PCM Selector: Penalized Covariate-Mediator Selection Operator for Evaluating Linear Causal Effects
Hisayoshi Nanmo, Manabu Kuroki
TL;DR
This work tackles the challenge of estimating total causal effects in linear structural causal models when the back-door confounder set is unavailable or when high-dimensional data induce multicollinearity. It introduces PCM Selector, a two-stage penalized regression framework that jointly models the outcome and intermediate variables while adaptively selecting covariates and mediators via $L_p$ penalties, yielding more accurate and less biased estimates of the total effect $\tau_{yx}$ than standard methods. The approach generalizes PAL$_p$MA, leverages front-door-like criteria when necessary, and provides a bias-reducing variant for $p=2$; theoretical results and numerical experiments support improved estimation and reliable sign recovery in challenging settings.
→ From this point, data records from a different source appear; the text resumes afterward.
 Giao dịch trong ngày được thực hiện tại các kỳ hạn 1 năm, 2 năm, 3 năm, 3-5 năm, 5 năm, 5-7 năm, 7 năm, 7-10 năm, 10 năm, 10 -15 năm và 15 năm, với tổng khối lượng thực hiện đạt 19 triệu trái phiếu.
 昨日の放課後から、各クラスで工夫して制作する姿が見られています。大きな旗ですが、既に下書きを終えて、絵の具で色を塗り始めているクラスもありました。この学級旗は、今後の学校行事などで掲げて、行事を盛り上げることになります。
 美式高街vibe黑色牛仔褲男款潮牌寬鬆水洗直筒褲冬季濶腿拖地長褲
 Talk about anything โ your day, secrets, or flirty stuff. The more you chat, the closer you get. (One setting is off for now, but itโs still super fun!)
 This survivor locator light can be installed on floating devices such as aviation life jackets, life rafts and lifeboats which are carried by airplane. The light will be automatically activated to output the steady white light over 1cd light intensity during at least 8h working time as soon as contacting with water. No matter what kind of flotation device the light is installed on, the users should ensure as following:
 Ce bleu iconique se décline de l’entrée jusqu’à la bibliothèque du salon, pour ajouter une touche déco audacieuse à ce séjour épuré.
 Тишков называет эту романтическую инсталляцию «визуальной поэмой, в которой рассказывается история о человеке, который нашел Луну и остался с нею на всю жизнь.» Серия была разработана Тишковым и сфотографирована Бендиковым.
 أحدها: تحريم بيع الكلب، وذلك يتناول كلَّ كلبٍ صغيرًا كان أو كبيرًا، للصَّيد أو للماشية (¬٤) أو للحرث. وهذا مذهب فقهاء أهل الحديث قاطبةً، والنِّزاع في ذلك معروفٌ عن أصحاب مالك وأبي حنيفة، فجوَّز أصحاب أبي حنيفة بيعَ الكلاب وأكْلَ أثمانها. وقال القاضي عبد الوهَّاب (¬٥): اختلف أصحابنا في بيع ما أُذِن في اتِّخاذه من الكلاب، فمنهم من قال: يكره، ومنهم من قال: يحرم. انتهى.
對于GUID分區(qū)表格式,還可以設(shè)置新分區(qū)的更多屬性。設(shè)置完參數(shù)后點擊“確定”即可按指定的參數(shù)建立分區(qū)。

The method offers practical impact for causal inference in high-dimensional data, enabling robust evaluation of intervention effects even when confounding structure is partially unobserved or when intermediate variables play a crucial role in identification.
Abstract
For a data-generating process for random variables that can be described with a linear structural equation model, we consider a situation in which (i) a set of covariates satisfying the back-door criterion cannot be observed or (ii) such a set can be observed, but standard statistical estimation methods cannot be applied to estimate causal effects because of multicollinearity/high-dimensional data problems. We propose a novel two-stage penalized regression approach, the penalized covariate-mediator selection operator (PCM Selector), to estimate the causal effects in such scenarios. Unlike existing penalized regression analyses, when a set of intermediate variables is available, PCM Selector provides a consistent or less biased estimator of the causal effect. In addition, PCM Selector provides a variable selection procedure for intermediate variables to obtain better estimation accuracy of the causal effects than does the back-door criterion.